Lampard and Chelsea used the lockdown to reflect on what had been and to prepare for what lay ahead. The Blues looked in good shape ahead of the restart and lay in fourth position. Despite missing Callum Hudson-Odoi and Fikayo Tomori, they were boosted by the availability of N’Golo Kante who was initially granted compassionate leave due to health concerns. Chelsea hit the ground running with victories over Aston Villa and Manchester City before progressing to the FA Cup semi-finals with a win at Leicester. They looked to have discovered their pre-lockdown mojo and continued to be in control of their own destiny in the race for a Champions League spot, until familiar frailties resurfaced. A convincing 3-0 victory at home to Watford was overshadowed by back-to-back away defeats at West Ham and Sheffield United. Quite rightly, questions were asked about the character and mentality of the squad who had seriously underperformed at a time when there is little margin for error. Leicester and Manchester United also dropped points and somehow, the Blues remained in third position.

Lampard’s frustration was crystal clear and he demanded a response from his players against Norwich City on Tuesday evening. The performance was below par but Olivier Giroud’s header in first half stoppage time sealed three massive points for the Blues who hold on to third place. They will turn their attention to a mouth-watering FA Cup semi-final with Manchester United this Sunday, before taking on Liverpool and Wolves ahead of the return leg against Bayern Munich in the Champions League in August. Undoubtedly, this is a crucial phase for Chelsea. By securing Champions League football in Lampard’s first season in charge, it would speak volumes of their achievements considering the challenges which have fallen before them. Playing on Europe’s biggest stage might also help to attract further signings who would go some way to helping Chelsea try to match their nearest rivals.
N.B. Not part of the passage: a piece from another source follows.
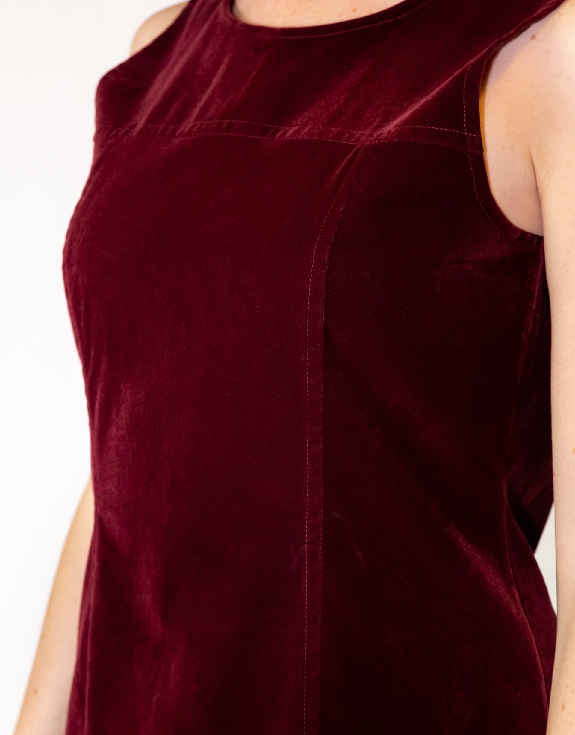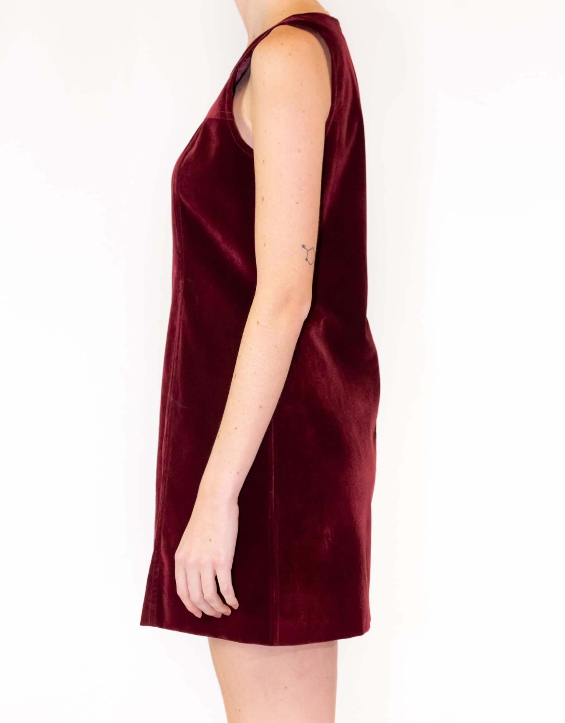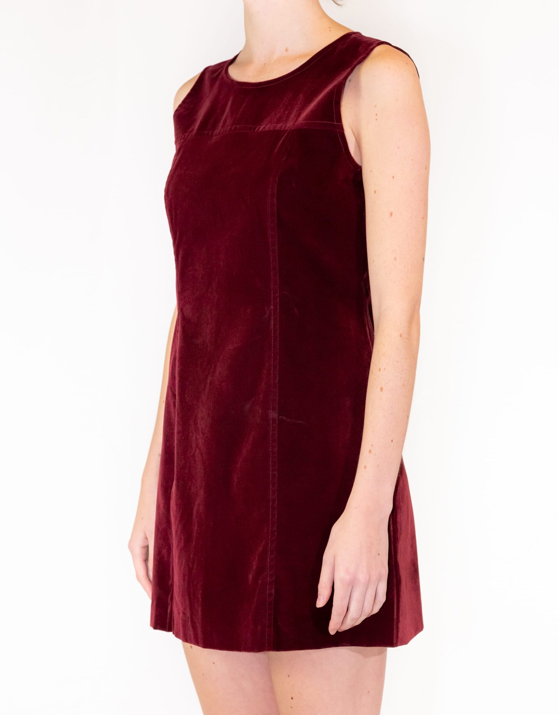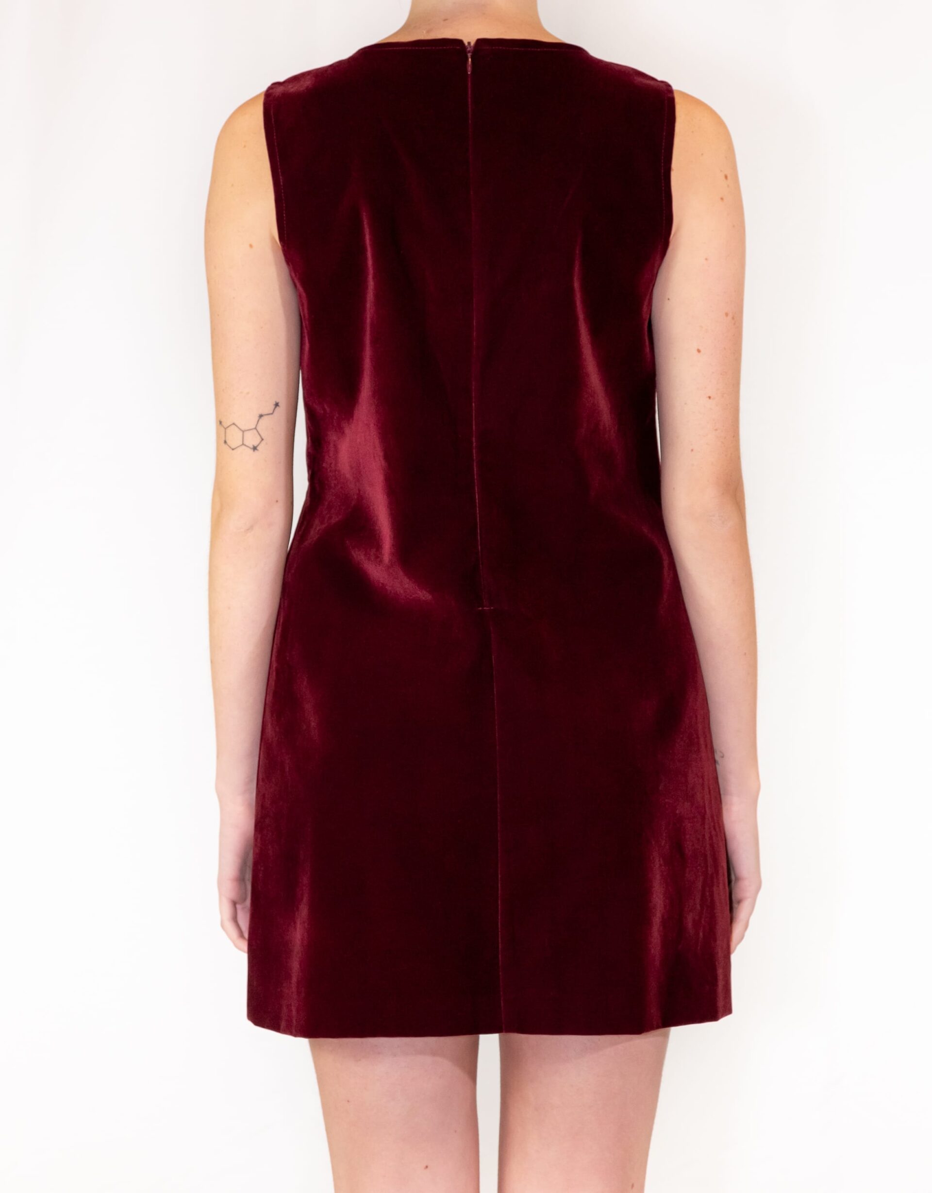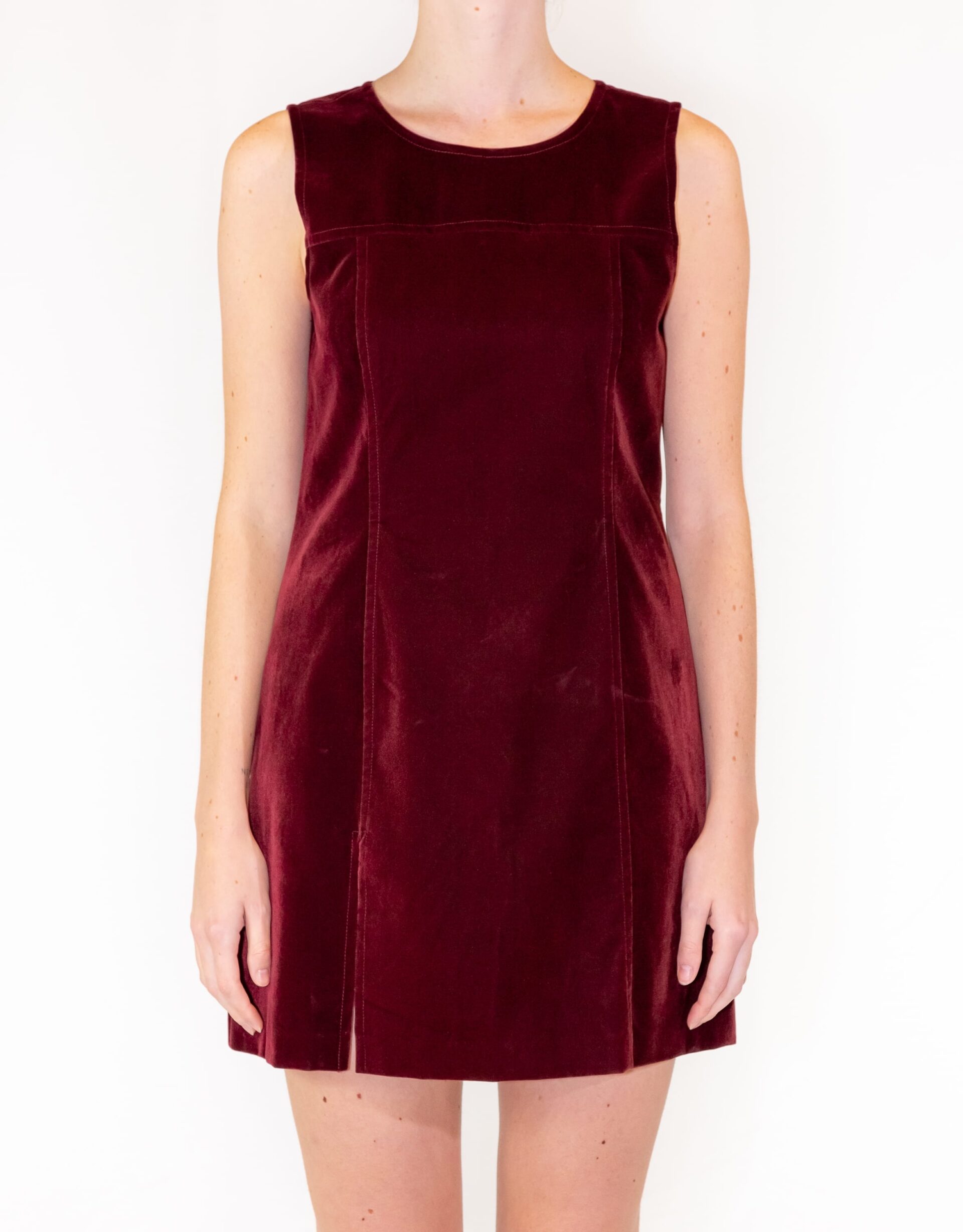 Abito in velluto lughezza sopra al ginocchio, due spacchi sul davanti, spalla larga. Cerniera sul retro, vestibilità dritta

Chelsea have laid down a significant marker yet understandably there are some creases which need to be ironed out. They have made huge statements of intent with the attacking additions of Hakim Ziyech and Timo Werner, but it’s clear they must address their defensive and goalkeeping uncertainties if they are to compete with the very best. The transition from unknown quantity to dark horse has taken shape far quicker than some may have thought. The squad which Lampard inherited has carried the baton valiantly thus far, but the shackles of a transfer ban have been removed. They mean business in the market and with competition heating up, places that were once guaranteed will find themselves under threat. We have seen the start of something promising at Chelsea but now it’s time to take it up a gear. Who will make the cut and be part of the next chapter of the Lampard era?